Ознакомительная версия.
«Смерть Ивана Ильича» сочетает традиционное изображение человека в мире и собственно экзистенциальную проблематику произведения, которая и являет принципиально новое лицо Толстого. Смерть считается только с метафизическими сущностями и метафизическими проблемами. Смерть Ивана Ильича менее всего обозначает факт конца земного бытия героя. Смерть в повести приобретает неповторимое материально-вещное значение, персонифицируется. В финале произведения о ней говорится: «Кончена смерть… Ее нет больше». Правомернее было бы сказать так о жизни. Но при той жизни, которой жил Иван Ильич, граница жизни и смерти весьма зыбка и неуловима. Исследование человека осуществляется на грани: физиологического и психологического, сознательного и подсознательного (потому это социальное и растворяется как несущественное, второстепенное). Очевидна полная сосредоточенность писателя на познании сущностей бытия – смерти и жизни.
Так в повесть входит мотив одиночества – важнейший в жизни и смерти Ивана Ильича. В едином процессе деформации психики сливаются процесс физического умирания героя и процесс отчуждения от людей. Одиночество умирающего – условие появления особого сознания: «Сознание приговоренного к смерти – это такая исповедальня, где ничто не остается скрытым» (Щеглов). В этом направлении экзистенциальную тему смерти впоследствии будет разрабатывать Л. Андреев в «Рассказе о семи повешенных», Ж. – П. Сартр в «Стене», да и А. Камю в «Чуме». Толстой же в экзистенциальном пространстве повести обнаруживает вполне свои этические вопросы и проблемы и переводит логику рассуждений в традиционную плоскость.

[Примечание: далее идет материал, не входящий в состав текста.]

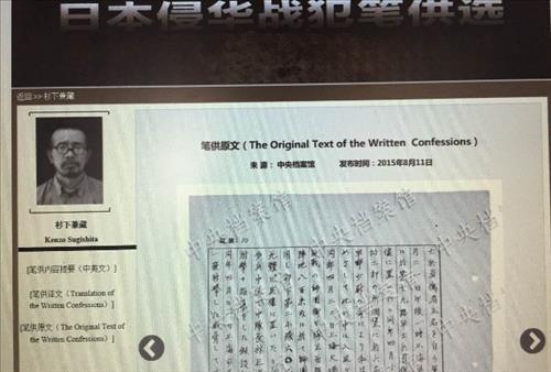 11일 중국중앙(CC)TV에 따르면 중국 국가당안국(기록물보관소)는 이날부터 일제 전범들의 자백서를 하루 한 편씩 모두 31편을 공개할 예정이라고 밝혔다.

Над всеми обитателями повести, над жизнью и смертью Ивана Ильича витает страшный вопрос: за что? Для Ивана Ильича – за что смерть, боль? Для дочери – за что нас мучить? Все равны в одиночестве перед жизнью (и смертью) в бессилии уяснить смысл жизни и смерти; все уравнены этим риторическим вопросом. Жизнь – награда или наказание, если она мертва с самого начала? Это подводит к другому ужасающему, безответному вопросу: за что – жизнь?!

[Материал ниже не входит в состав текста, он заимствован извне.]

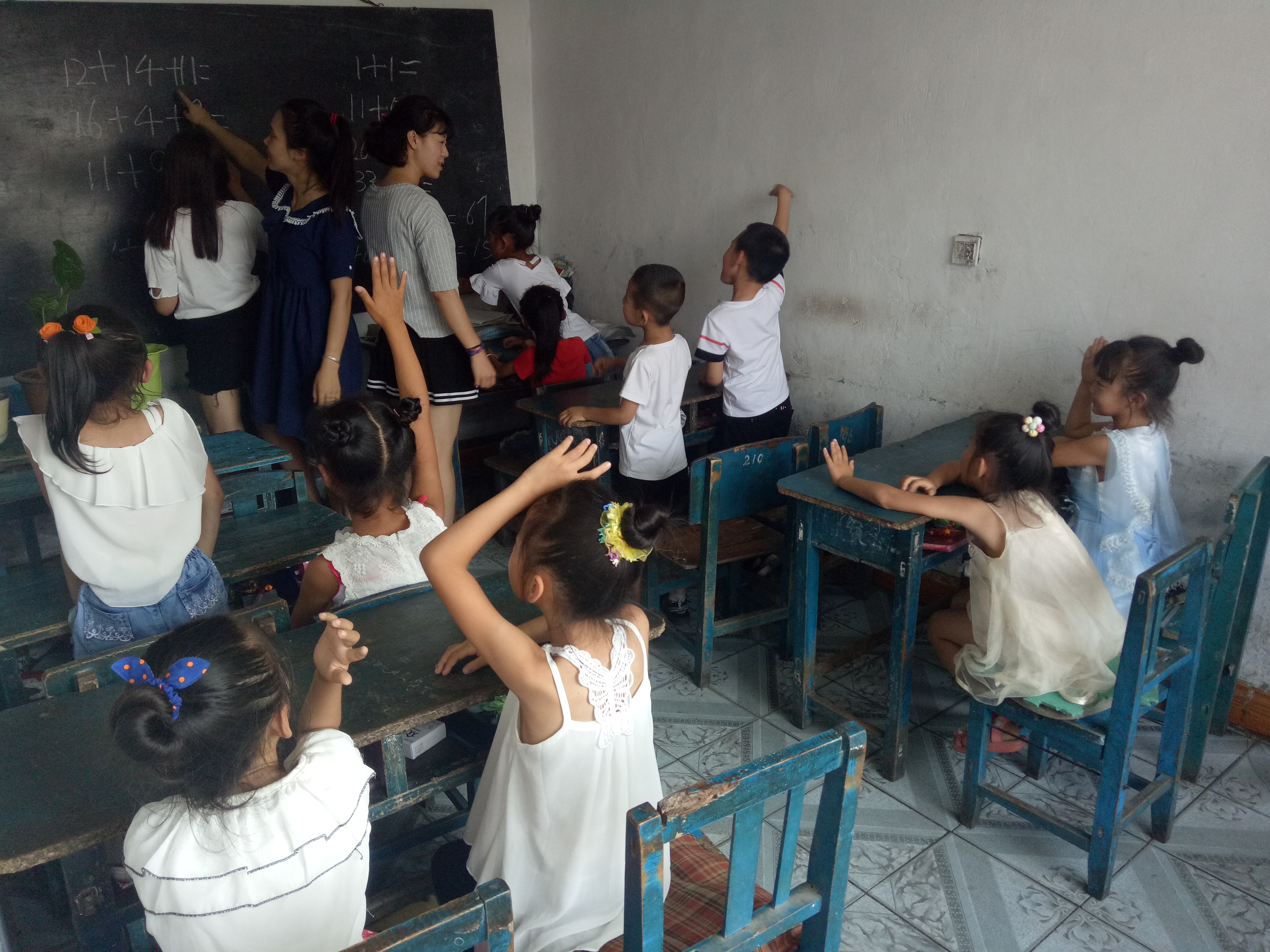小孩子们生活的另一方面,复习功课也是重要的。昨天志愿者们帮助小朋友们完成老师留的作业。今天我们决定给他们预习一下下周将要学习的功课。有的小朋友们在课堂上听的一板一眼,也有小朋友可能是跟我越发熟悉了,在课堂上吵着要喝水,还有些小朋友时不时的拉着志愿者说“哥哥你看我头发扎好了么”“姐姐,你看我写的对么”…虽然过程丰富多彩了些,但好在一上午时间一课时的预习完成了,所以我们决定下午的时候带领他们去农家菜园观赏了解植物,作为奖励。

Под властью экзистенциальных проблем реализм Л. Толстого сильно поколеблен: где в «Смерти Ивана Ильича» граница между реалистически-предметной традицией и андреевским модернистски-обобщенным стилем. Из плоскости социально-этической он подспудно переходит в онтологическую: человек один в жизни и один в смерти. Все жизненные приобретения (служба, семья, приятели) – обман, иллюзия, ложь, мишура, ненастоящее. Настоящее – это один на один со смертью, перед которой ты вновь ребенок. Как предвестник того же «Большого шлема» появляется мотив игры: друзья по висту – близкие люди, но более всего не понимают они; и торопятся продолжить игру, заменив выбывшего. Иван Ильич и все остальные существуют в разных мирах: он – умирающий, они – живые! Между тем в своем незнании сути жизни и смерти они абсолютно равны – живые и мертвые. Смерть даже мудрее: она приближает к истине, дает упокоение; жизнь – только ложь.

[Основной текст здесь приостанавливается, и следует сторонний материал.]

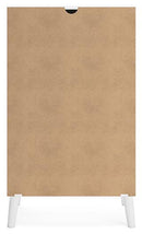 The perfect marriage of contemporary and casual style, this chest of drawers is a charming addition to your home. It's expressive with a two-tone look in a solid matte white finish and a replicated sugarberry wood grain pattern. Ball-bearing glides offer smooth opening and closing of the drawers, while white knobs and splay legs add a finishing touch.

Приближение смерти дает мужество и право на правду. Но вместо этой правды предлагают опиум. Опиум – способ облегчить страдания, но это всего лишь средство обмануть: и боль, и надежду на жизнь. Когда перед Иваном Ильичом встает вопрос «чего же ты хочешь?», то ответ «жить» далеко не безусловен: стоит ли жизнь того, чтобы ее хотеть? Ужасны даже не физические страдания, а моральные, последовавшие за страшным открытием: вся сознательная жизнь была не то.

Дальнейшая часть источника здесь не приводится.